►
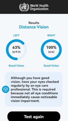 The principle of WHOeyes is based on how an eye care professional would test your vision using a conventional chart in a clinical setting. The accuracy of WHOeyes was tested in three research studies. The app is does not replace the need for regular eye checks by an eye care professional, even if your vision is good. WHO and the developers of the app cannot be held responsible or liable for any incorrect results.
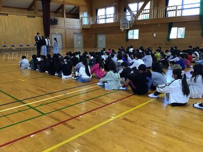 (今年度から2学期制のため、市内の学校は10月の2週目までは1学期です。そのため「始業式」ではなく「朝会」です。)
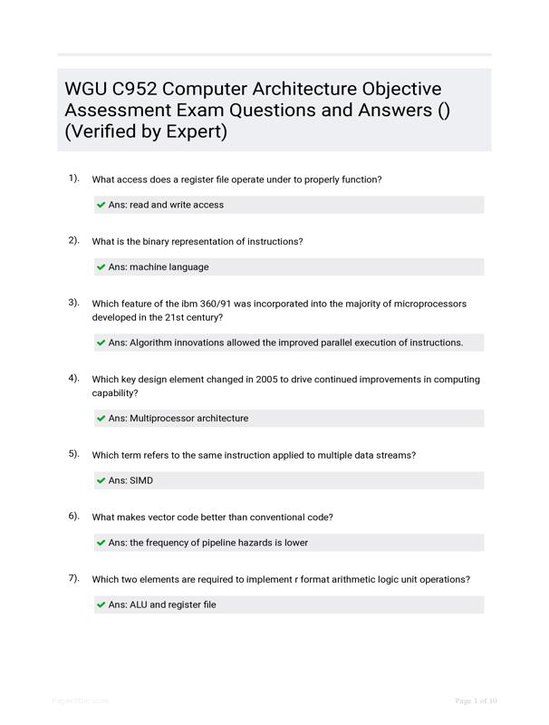 WGU C952 COMPUTER ARCHITECTURE OBJECTIVE ASSESSMENT EXAM... $22.00 Add to Cart
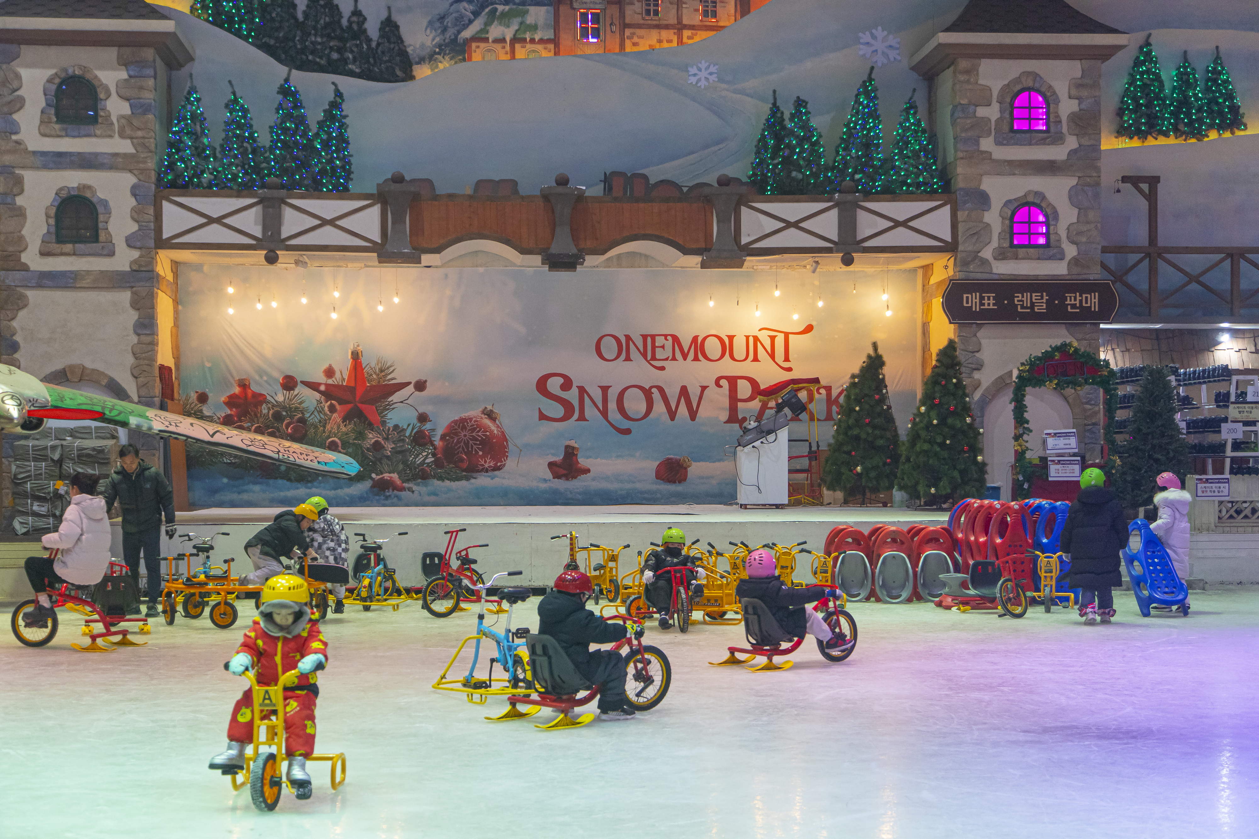 메인 무대는 아이스레이크다. 썰매와 스케이트를 즐길 수 있는 중심 공간으로 맞은편에 무대가 마련되어 있어서 간혹 공연 행사가 진행되기도 한다. 아이스레이크 위에는 산타마을이 마련되어 있다. 핀란드의 산타마을을 모티브로 조성되어 곳곳에 산타 조형물과 화려한 조명들 덕분에 기념사진을 찍기에 좋다. 이 밖에도 어린이들을 위한 미니 눈썰매장과 회전목마가 마련되어 있다. 실내 공간이라 아이들과 함께 움직이기 편하고 겨울 놀이를 처음 접하는 어린이도 부담 없이 즐길 수 있다. 아이들을 동반한 가족 여행자들에게는 안성맞춤이다.
◄
● **Task item**: What is needed is an exact copy of the data, without any pictures.

● **Completed exercise**:
 The principle of WHOeyes is based on how an eye care professional would test your vision using a conventional chart in a clinical setting. The accuracy of WHOeyes was tested in three research studies. The app is does not replace the need for regular eye checks by an eye care professional, even if your vision is good. WHO and the developers of the app cannot be held responsible or liable for any incorrect results.
 (今年度から2学期制のため、市内の学校は10月の2週目までは1学期です。そのため「始業式」ではなく「朝会」です。)
 WGU C952 COMPUTER ARCHITECTURE OBJECTIVE ASSESSMENT EXAM... $22.00 Add to Cart
 메인 무대는 아이스레이크다. 썰매와 스케이트를 즐길 수 있는 중심 공간으로 맞은편에 무대가 마련되어 있어서 간혹 공연 행사가 진행되기도 한다. 아이스레이크 위에는 산타마을이 마련되어 있다. 핀란드의 산타마을을 모티브로 조성되어 곳곳에 산타 조형물과 화려한 조명들 덕분에 기념사진을 찍기에 좋다. 이 밖에도 어린이들을 위한 미니 눈썰매장과 회전목마가 마련되어 있다. 실내 공간이라 아이들과 함께 움직이기 편하고 겨울 놀이를 처음 접하는 어린이도 부담 없이 즐길 수 있다. 아이들을 동반한 가족 여행자들에게는 안성맞춤이다.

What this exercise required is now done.